• DATA LISTING
★ ★ ★ ★ ★ ★ ★
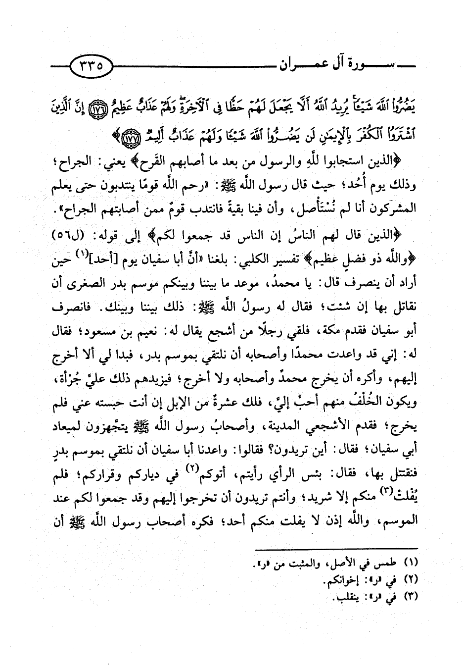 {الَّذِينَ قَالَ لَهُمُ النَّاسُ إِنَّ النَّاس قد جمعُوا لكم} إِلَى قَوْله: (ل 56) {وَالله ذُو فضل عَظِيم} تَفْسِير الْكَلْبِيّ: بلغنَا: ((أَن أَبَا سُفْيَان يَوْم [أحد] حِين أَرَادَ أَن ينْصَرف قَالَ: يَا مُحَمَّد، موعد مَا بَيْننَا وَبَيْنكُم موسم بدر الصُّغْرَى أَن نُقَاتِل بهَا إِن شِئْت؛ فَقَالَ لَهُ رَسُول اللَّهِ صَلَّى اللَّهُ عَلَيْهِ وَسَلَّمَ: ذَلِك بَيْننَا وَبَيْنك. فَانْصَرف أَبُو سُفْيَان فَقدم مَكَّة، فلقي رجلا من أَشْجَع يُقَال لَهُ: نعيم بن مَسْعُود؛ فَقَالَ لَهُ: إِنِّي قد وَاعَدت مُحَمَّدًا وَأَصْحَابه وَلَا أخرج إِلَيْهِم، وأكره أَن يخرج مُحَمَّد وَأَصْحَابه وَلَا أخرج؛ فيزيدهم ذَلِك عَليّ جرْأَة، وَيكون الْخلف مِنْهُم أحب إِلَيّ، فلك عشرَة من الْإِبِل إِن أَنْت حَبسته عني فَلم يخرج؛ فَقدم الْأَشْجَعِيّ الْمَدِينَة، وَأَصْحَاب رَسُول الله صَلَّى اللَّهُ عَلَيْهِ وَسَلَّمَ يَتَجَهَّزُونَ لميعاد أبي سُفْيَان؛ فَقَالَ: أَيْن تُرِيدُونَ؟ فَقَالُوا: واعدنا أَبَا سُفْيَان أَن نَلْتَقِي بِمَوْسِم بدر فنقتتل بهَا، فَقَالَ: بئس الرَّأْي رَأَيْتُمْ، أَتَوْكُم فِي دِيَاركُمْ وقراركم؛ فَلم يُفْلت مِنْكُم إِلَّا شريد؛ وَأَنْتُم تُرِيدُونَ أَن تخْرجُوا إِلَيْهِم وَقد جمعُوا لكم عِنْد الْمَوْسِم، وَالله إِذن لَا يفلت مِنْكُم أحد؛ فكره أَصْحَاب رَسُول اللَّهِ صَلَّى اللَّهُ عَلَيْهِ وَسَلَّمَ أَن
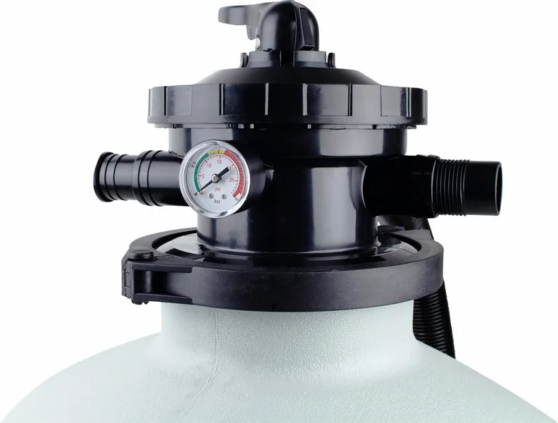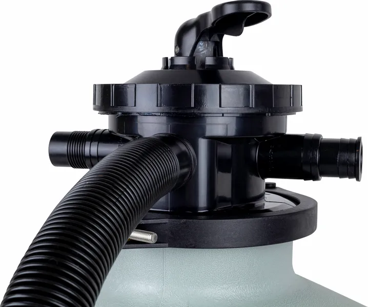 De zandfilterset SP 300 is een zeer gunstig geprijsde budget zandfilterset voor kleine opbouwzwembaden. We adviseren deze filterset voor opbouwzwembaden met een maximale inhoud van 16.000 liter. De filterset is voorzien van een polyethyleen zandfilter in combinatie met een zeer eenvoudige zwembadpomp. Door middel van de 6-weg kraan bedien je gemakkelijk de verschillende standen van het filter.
★ ★ ★ ★ ★ ★ ★
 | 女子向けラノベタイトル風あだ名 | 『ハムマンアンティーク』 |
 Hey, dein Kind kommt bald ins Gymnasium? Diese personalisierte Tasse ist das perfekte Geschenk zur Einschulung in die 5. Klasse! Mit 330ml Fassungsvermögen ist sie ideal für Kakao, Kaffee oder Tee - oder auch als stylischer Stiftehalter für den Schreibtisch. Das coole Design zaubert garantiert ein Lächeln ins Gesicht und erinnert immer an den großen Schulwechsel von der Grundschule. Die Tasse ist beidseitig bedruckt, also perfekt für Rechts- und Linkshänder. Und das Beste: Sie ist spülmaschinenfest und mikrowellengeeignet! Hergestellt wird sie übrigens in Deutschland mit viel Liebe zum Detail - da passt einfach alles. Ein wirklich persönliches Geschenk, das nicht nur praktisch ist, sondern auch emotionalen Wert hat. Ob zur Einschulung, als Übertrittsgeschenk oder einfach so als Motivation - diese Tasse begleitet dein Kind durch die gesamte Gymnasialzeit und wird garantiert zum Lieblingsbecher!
★ ★ ★ ★ ★ ★ ★
• WHAT TO DO
Copy out only the lines of the records above from the one with "女子向けラノベタイトル風あだ名 | 『ハムマンアンティーク』 |" through the one with "Hey, dein Kind", exactly as they stand, both included.

• TASK OUTPUT
 | 女子向けラノベタイトル風あだ名 | 『ハムマンアンティーク』 |
 Hey, dein Kind kommt bald ins Gymnasium? Diese personalisierte Tasse ist das perfekte Geschenk zur Einschulung in die 5. Klasse! Mit 330ml Fassungsvermögen ist sie ideal für Kakao, Kaffee oder Tee - oder auch als stylischer Stiftehalter für den Schreibtisch. Das coole Design zaubert garantiert ein Lächeln ins Gesicht und erinnert immer an den großen Schulwechsel von der Grundschule. Die Tasse ist beidseitig bedruckt, also perfekt für Rechts- und Linkshänder. Und das Beste: Sie ist spülmaschinenfest und mikrowellengeeignet! Hergestellt wird sie übrigens in Deutschland mit viel Liebe zum Detail - da passt einfach alles. Ein wirklich persönliches Geschenk, das nicht nur praktisch ist, sondern auch emotionalen Wert hat. Ob zur Einschulung, als Übertrittsgeschenk oder einfach so als Motivation - diese Tasse begleitet dein Kind durch die gesamte Gymnasialzeit und wird garantiert zum Lieblingsbecher!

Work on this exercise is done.